TASK DIRECTIONS: Please return the lines below verbatim, beginning at the one that has "随后我们来到了南京大学鼓楼校" and stopping after the one that has "Hýčkejte svou suchou", and add no other lines.

PROVIDED INFORMATION:
##############################

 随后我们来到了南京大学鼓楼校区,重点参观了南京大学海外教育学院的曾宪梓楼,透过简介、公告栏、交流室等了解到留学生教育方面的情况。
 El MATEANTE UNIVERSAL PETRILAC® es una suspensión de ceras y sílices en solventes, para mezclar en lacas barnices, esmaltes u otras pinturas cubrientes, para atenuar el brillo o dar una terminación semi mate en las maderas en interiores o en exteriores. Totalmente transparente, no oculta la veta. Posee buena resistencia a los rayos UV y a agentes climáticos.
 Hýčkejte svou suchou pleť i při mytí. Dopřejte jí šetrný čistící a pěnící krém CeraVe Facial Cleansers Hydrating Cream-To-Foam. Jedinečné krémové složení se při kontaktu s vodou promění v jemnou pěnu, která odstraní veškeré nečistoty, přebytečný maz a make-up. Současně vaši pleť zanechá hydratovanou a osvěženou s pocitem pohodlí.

##############################

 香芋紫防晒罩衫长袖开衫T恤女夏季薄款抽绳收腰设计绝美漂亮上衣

##############################

RESPONSE TO THIS EXERCISE:
 随后我们来到了南京大学鼓楼校区,重点参观了南京大学海外教育学院的曾宪梓楼,透过简介、公告栏、交流室等了解到留学生教育方面的情况。
 El MATEANTE UNIVERSAL PETRILAC® es una suspensión de ceras y sílices en solventes, para mezclar en lacas barnices, esmaltes u otras pinturas cubrientes, para atenuar el brillo o dar una terminación semi mate en las maderas en interiores o en exteriores. Totalmente transparente, no oculta la veta. Posee buena resistencia a los rayos UV y a agentes climáticos.
 Hýčkejte svou suchou pleť i při mytí. Dopřejte jí šetrný čistící a pěnící krém CeraVe Facial Cleansers Hydrating Cream-To-Foam. Jedinečné krémové složení se při kontaktu s vodou promění v jemnou pěnu, která odstraní veškeré nečistoty, přebytečný maz a make-up. Současně vaši pleť zanechá hydratovanou a osvěženou s pocitem pohodlí.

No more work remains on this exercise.